* [DATA TO PROCESS]
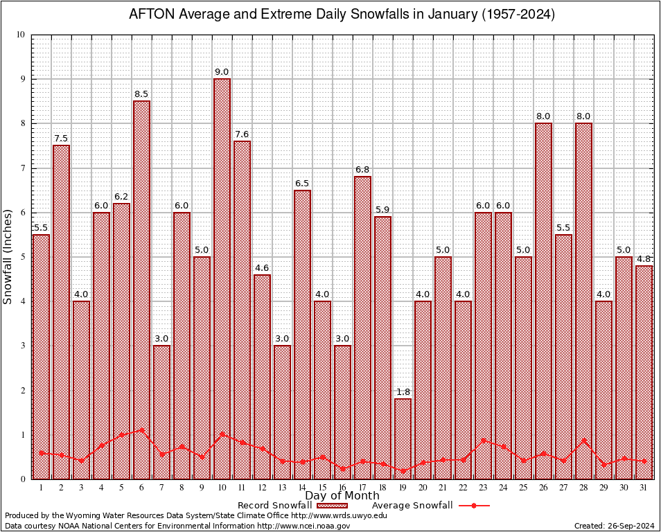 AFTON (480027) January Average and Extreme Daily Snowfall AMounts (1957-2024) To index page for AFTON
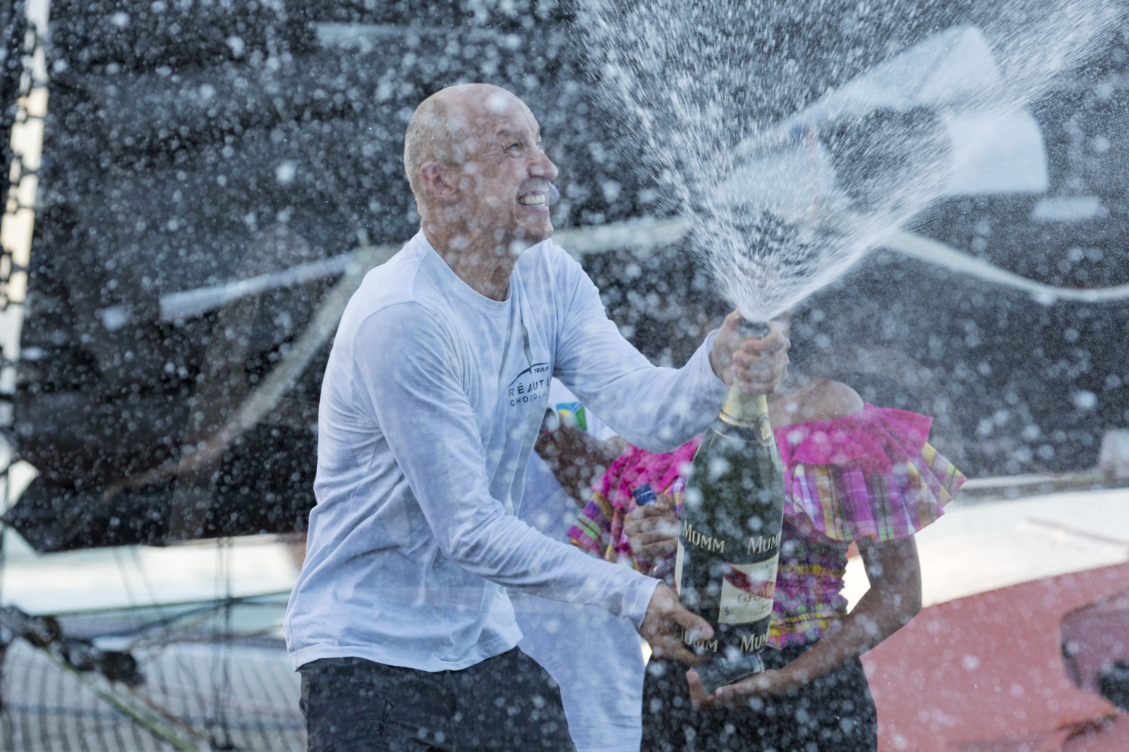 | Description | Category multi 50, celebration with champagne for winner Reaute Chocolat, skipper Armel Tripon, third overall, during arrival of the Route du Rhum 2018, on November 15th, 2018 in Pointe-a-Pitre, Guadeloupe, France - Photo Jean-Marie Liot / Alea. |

--

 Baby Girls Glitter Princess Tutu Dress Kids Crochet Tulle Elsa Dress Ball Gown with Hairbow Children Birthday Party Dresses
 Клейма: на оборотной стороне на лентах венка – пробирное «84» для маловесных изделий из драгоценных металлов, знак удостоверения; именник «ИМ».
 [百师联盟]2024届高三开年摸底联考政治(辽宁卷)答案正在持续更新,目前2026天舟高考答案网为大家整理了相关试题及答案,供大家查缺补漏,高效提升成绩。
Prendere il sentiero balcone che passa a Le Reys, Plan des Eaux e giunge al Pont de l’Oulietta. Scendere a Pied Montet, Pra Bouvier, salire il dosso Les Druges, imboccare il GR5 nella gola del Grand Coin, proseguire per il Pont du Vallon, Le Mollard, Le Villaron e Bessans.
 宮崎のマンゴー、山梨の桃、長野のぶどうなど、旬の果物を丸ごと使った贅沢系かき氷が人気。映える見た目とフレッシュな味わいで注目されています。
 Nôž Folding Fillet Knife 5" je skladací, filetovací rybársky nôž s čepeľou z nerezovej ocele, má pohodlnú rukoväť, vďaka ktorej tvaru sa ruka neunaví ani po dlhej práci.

* [EXERCISE] Which lines run from the one holding "[百师联盟]2024届高三开" through the one holding "宮崎のマンゴー、山梨の桃、長" in the records above? Repeat them exactly, both included, and nothing more.

* [ANSWER]
 [百师联盟]2024届高三开年摸底联考政治(辽宁卷)答案正在持续更新,目前2026天舟高考答案网为大家整理了相关试题及答案,供大家查缺补漏,高效提升成绩。
Prendere il sentiero balcone che passa a Le Reys, Plan des Eaux e giunge al Pont de l’Oulietta. Scendere a Pied Montet, Pra Bouvier, salire il dosso Les Druges, imboccare il GR5 nella gola del Grand Coin, proseguire per il Pont du Vallon, Le Mollard, Le Villaron e Bessans.
 宮崎のマンゴー、山梨の桃、長野のぶどうなど、旬の果物を丸ごと使った贅沢系かき氷が人気。映える見た目とフレッシュな味わいで注目されています。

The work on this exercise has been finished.